In the pre-fix tss-lib, the received commitment $R_j$ was constructed straight from peer-supplied coordinates and aggregated into the joint $R$ with no subgroup-membership step (source):
1// eddsa/signing/round_3.go — bnb-chain/tss-lib (pre-fix)
2Rj, err := crypto.NewECPoint(tss.EC(), coordinates[0], coordinates[1])
3if err != nil {
4 return round.WrapError(errors.Wrapf(err, "NewECPoint(Rj)"), Pj)
5}
6// ... proof.Verify(Rj) checks knowledge of the discrete log, not subgroup ...
7extendedRj := ecPointToExtendedElement(Rj.X(), Rj.Y())

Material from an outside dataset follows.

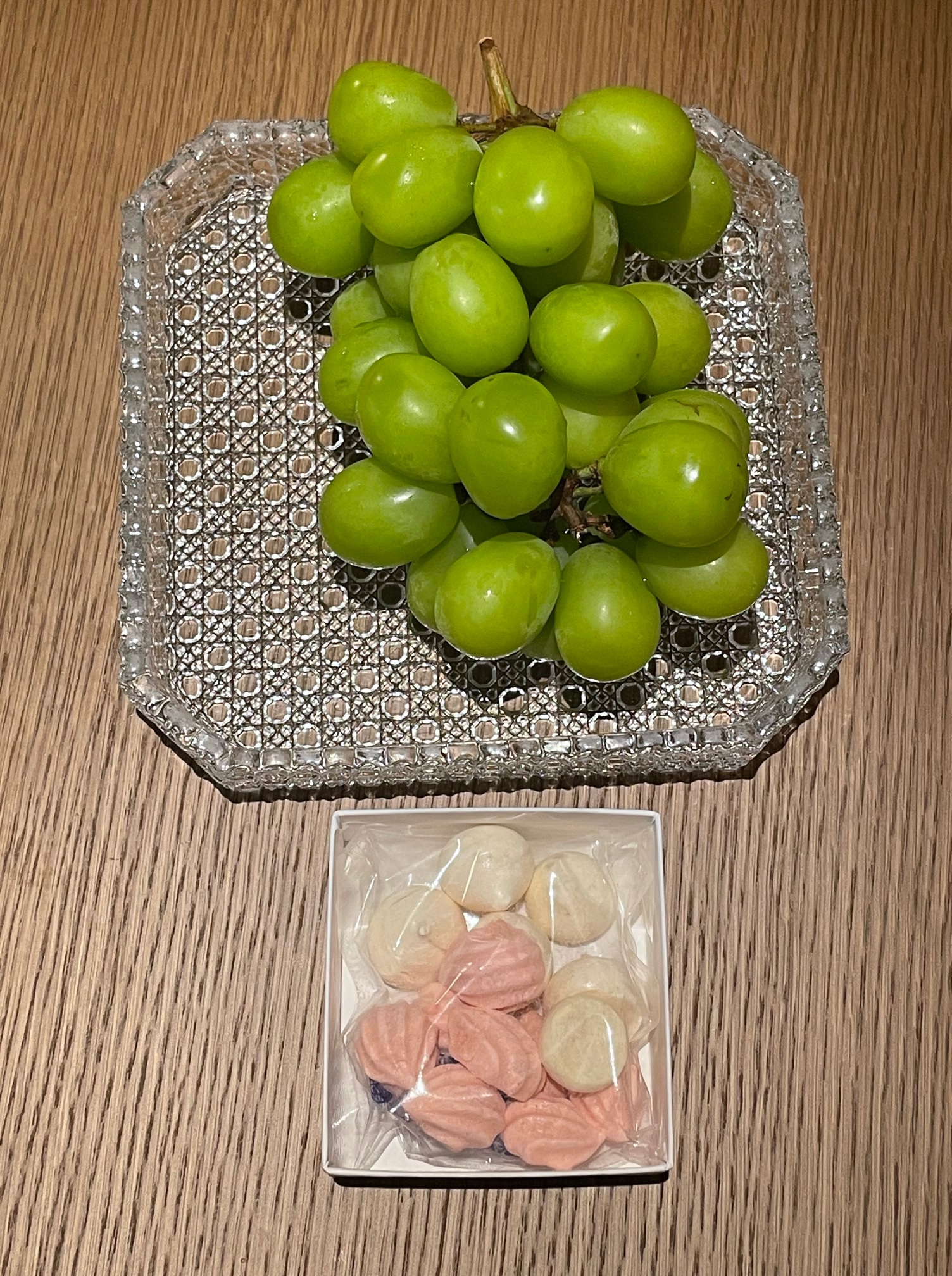 フルーツはシャインマスカット、スイーツははちみつと苺のメレンゲ
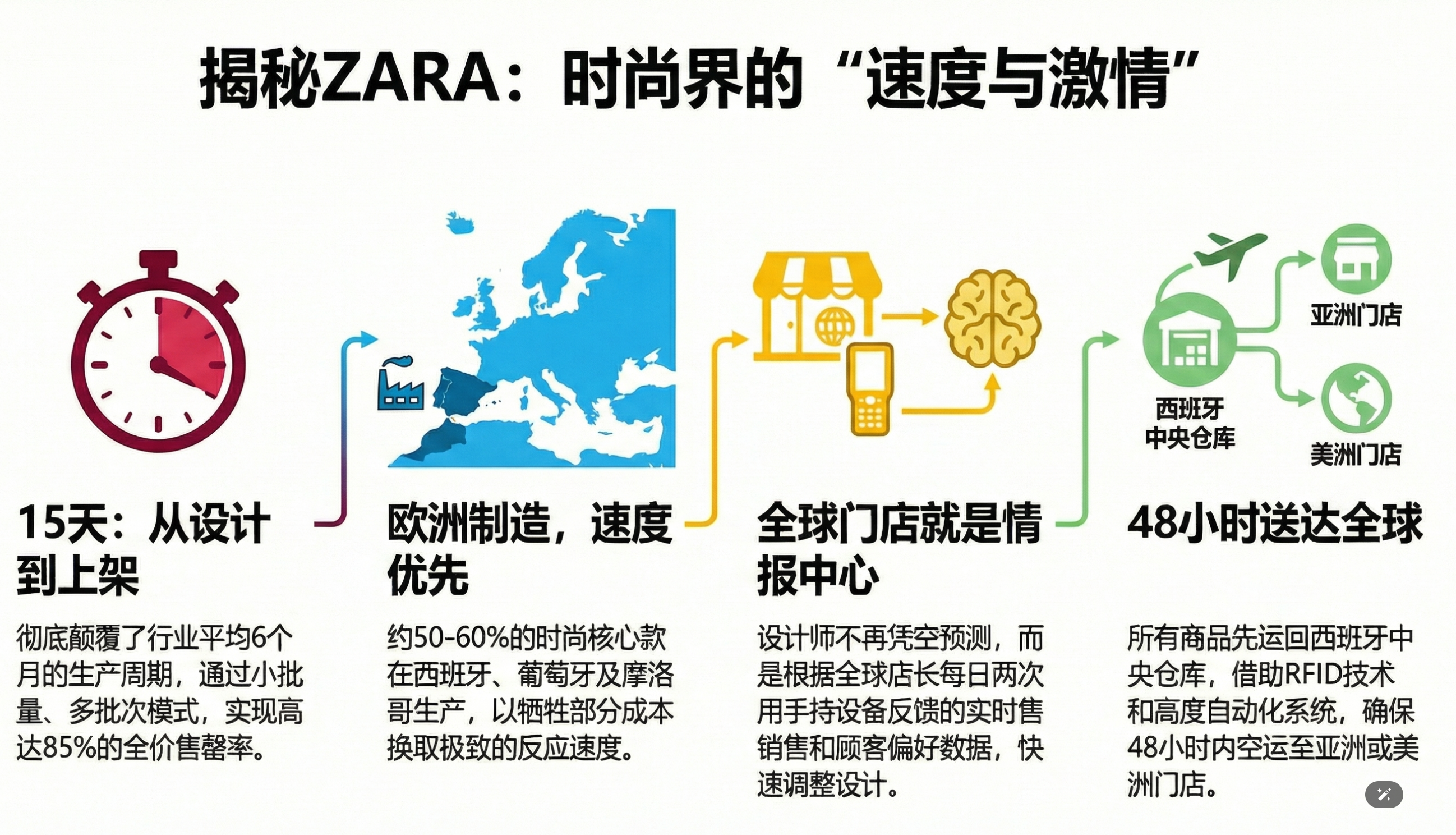 - 核心议题:Zara如何实现15天从设计到上架的极速响应,远超行业平均的6个月。

8R = addExtendedElements(R, extendedRj)
The remediation landed in PR #115. It adds an EightInvEight() helper in crypto/ecpoint.go that multiplies by 8 then by $8^{-1} \bmod N$, projecting any input into the prime-order subgroup (source):
1// crypto/ecpoint.go — bnb-chain/tss-lib (post-fix)
2var (
3 eight = big.NewInt(8)
4 eightInv = new(big.Int).ModInverse(eight, edwards.Edwards().Params().N)
5)
6
7func (p *ECPoint) EightInvEight() *ECPoint {
8 return p.ScalarMult(eight).ScalarMult(eightInv)
9}
The helper is then applied to every received point. The patch at the signing site, mirroring the pre-fix excerpt above (source):
1// eddsa/signing/round_3.go — bnb-chain/tss-lib (post-fix)
2Rj, err := crypto.NewECPoint(tss.EC(), coordinates[0], coordinates[1])
3Rj = Rj.EightInvEight()
4if err != nil {
5 return round.WrapError(errors.Wrapf(err, "NewECPoint(Rj)"), Pj)
6}